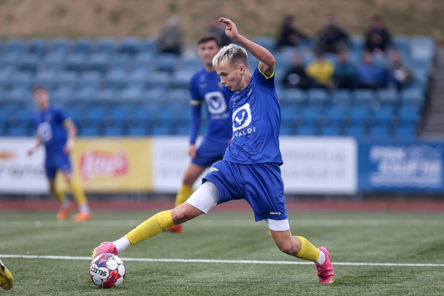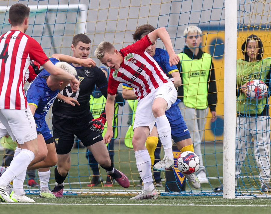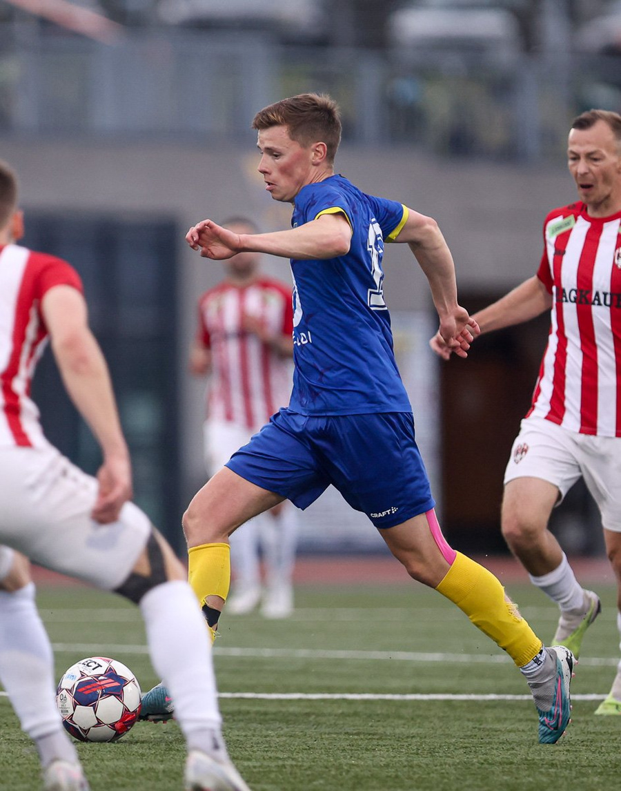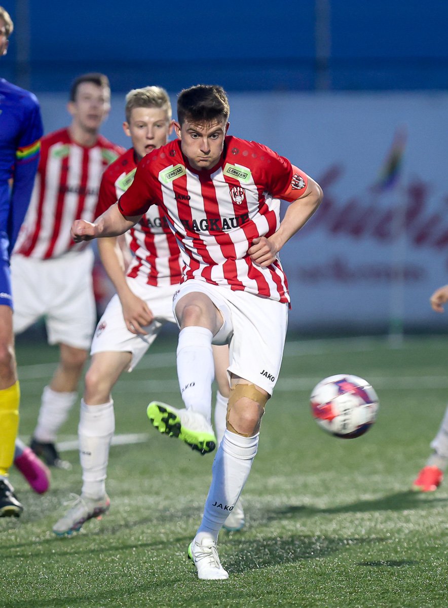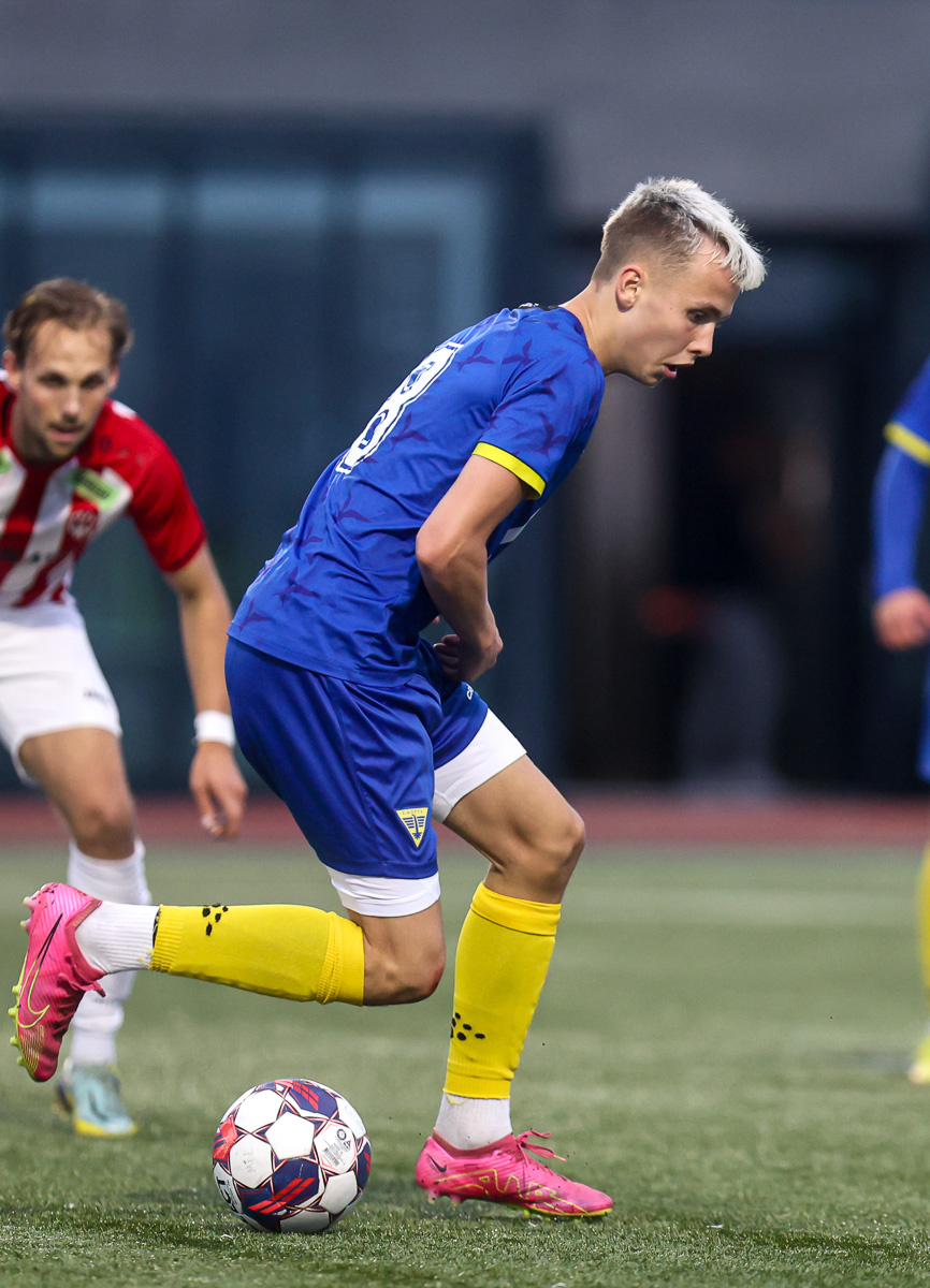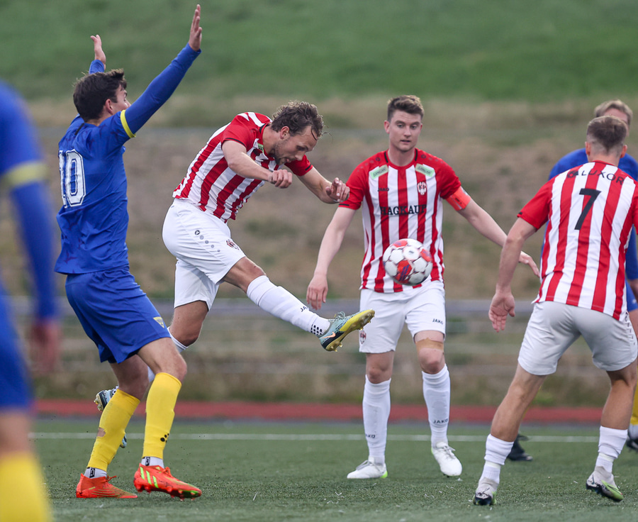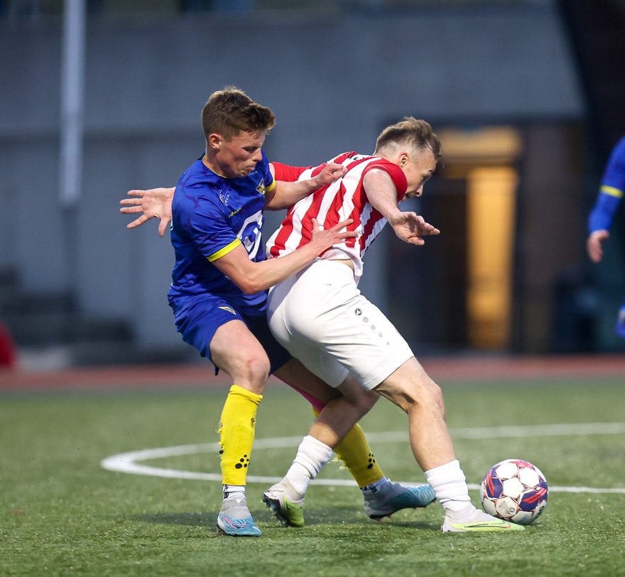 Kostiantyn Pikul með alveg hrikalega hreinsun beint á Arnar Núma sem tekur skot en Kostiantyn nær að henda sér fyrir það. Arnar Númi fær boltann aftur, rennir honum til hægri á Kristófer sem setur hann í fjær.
...
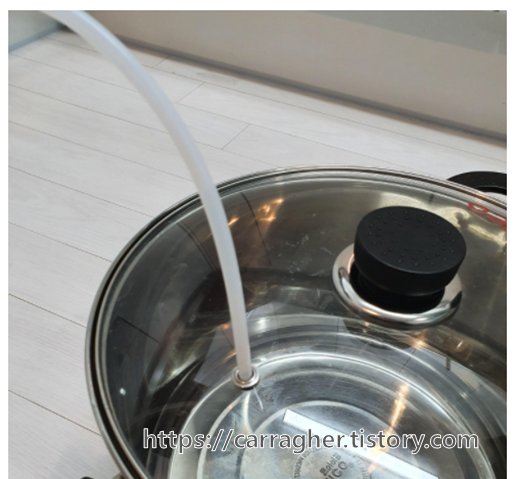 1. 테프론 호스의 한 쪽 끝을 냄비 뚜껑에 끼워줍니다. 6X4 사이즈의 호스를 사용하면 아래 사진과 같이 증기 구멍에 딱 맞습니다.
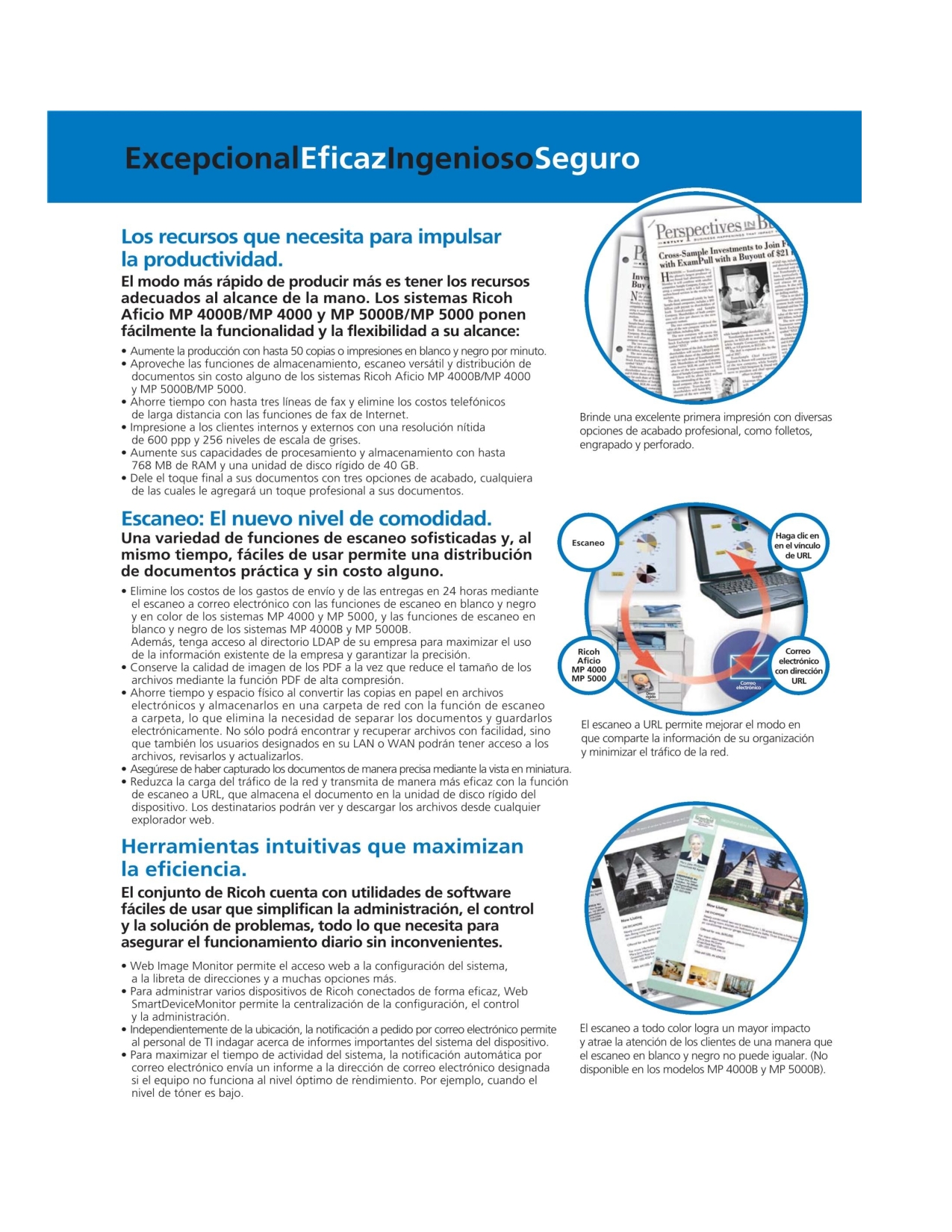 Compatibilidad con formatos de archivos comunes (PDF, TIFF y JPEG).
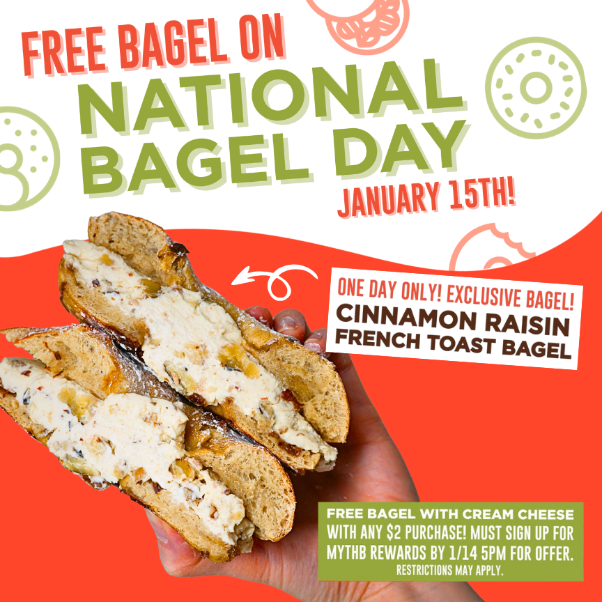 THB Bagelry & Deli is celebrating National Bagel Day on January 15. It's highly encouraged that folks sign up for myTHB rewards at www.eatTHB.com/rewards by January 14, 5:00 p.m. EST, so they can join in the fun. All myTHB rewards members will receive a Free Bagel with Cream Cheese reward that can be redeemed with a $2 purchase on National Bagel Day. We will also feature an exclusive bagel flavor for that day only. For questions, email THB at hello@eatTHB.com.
==
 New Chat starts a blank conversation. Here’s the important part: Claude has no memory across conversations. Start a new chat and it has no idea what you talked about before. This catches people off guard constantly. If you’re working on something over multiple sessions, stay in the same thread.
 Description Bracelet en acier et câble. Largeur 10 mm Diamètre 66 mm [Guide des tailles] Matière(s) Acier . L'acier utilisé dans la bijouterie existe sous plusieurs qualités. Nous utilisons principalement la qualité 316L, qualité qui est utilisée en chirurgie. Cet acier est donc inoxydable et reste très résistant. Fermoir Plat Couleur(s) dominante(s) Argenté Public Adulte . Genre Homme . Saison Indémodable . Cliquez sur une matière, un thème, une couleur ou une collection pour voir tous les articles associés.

**Task brief:** Once the line with "1. 테프론 호스의 한" is found above, transcribe each line from it through the line with "THB Bagelry &", exactly, and omit the pictures.

**Answer to this exercise:**
 1. 테프론 호스의 한 쪽 끝을 냄비 뚜껑에 끼워줍니다. 6X4 사이즈의 호스를 사용하면 아래 사진과 같이 증기 구멍에 딱 맞습니다.
 Compatibilidad con formatos de archivos comunes (PDF, TIFF y JPEG).
 THB Bagelry & Deli is celebrating National Bagel Day on January 15. It's highly encouraged that folks sign up for myTHB rewards at www.eatTHB.com/rewards by January 14, 5:00 p.m. EST, so they can join in the fun. All myTHB rewards members will receive a Free Bagel with Cream Cheese reward that can be redeemed with a $2 purchase on National Bagel Day. We will also feature an exclusive bagel flavor for that day only. For questions, email THB at hello@eatTHB.com.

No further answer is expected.